In spite of all of the ways we tested her, she still went out of her way to give us the enriching experiences that shaped who my brothers and I have become. She signed me up for magic lessons at the library. She not only tolerated my interests in collecting insects and animals and getting unbelievably muddy during the process, but scrounged up things like mason jars and film canisters and all the books, field trips, and camps she could find to learn to do these things well. She has always kept me honest. She would look up the facts I claimed were true to see if I was full of it, as I had repeatedly proven I could be. She was the one that broke the news to me that the reason my hamster couldn’t walk that morning because it had a tumor. After tolerating my tears and anger in the midst of the devastating tragedy this was for me at the time, she followed with a completely straight-faced phone conversation with a veterinarian about how one might go about putting down a hamster.

One of the reasons I can maintain a positive outlook on things is that I know that good people are looking out for me. I do my best when people demand the best I have to offer, but understand that there will always be setbacks and failures along the way. My mom was doing this long before I ever realized or appreciated it. Striking the balance between being strict and direct with rules and directions and granting the freedom to try and explore and learn from one’s mistakes is the hardest part of being a teacher. But I get to go home and try again the next day with my students. She put up with my stomping around and singing for no pay in the same house, and had only a crossword puzzle to hide behind.

She managed this balance like a pro, despite the working conditions. I still push her buttons and put my smelly feet on the kitchen table. She shoots the same look she gave me when I was nine. This sort of consistency is rare. It is also what makes me smile knowingly when my students start playing the button-pushing game with me. I just smile and nod to defuse the situation, and that works well enough for me.

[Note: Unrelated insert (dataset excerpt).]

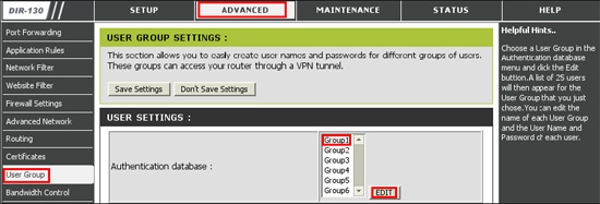 Loome PPTP ühenduse kasutaja. Üleval valige ADVANCED, vasakul User Group, seejärel valige Group1 ja vajutage nuppu EDIT.

The thing I can never get right in the moment, however, the secret that I think my mom had figured out from the beginning is this: she always let me think I had won. I could go on to torture one of my brothers; she could get back to taking care of the important stuff, and being entertained by seeing us battling with each other. I can’t say for sure that this was her tactic. She knew a lot more than she let on when I was younger, but has always been modest enough to just say that I knew how to drive her crazy. I think that is true. I have this sneaking suspicion though that she has always had the upper hand.

I wish her a wonderful Mother’s day. I am committed to trying to be as patient with my students as she was with me, as well as to leaving my dirty socks on her computer in the near future. For the record though: I maintain that Ben was involved in the sandwich incident that resulted in my head getting cracked open.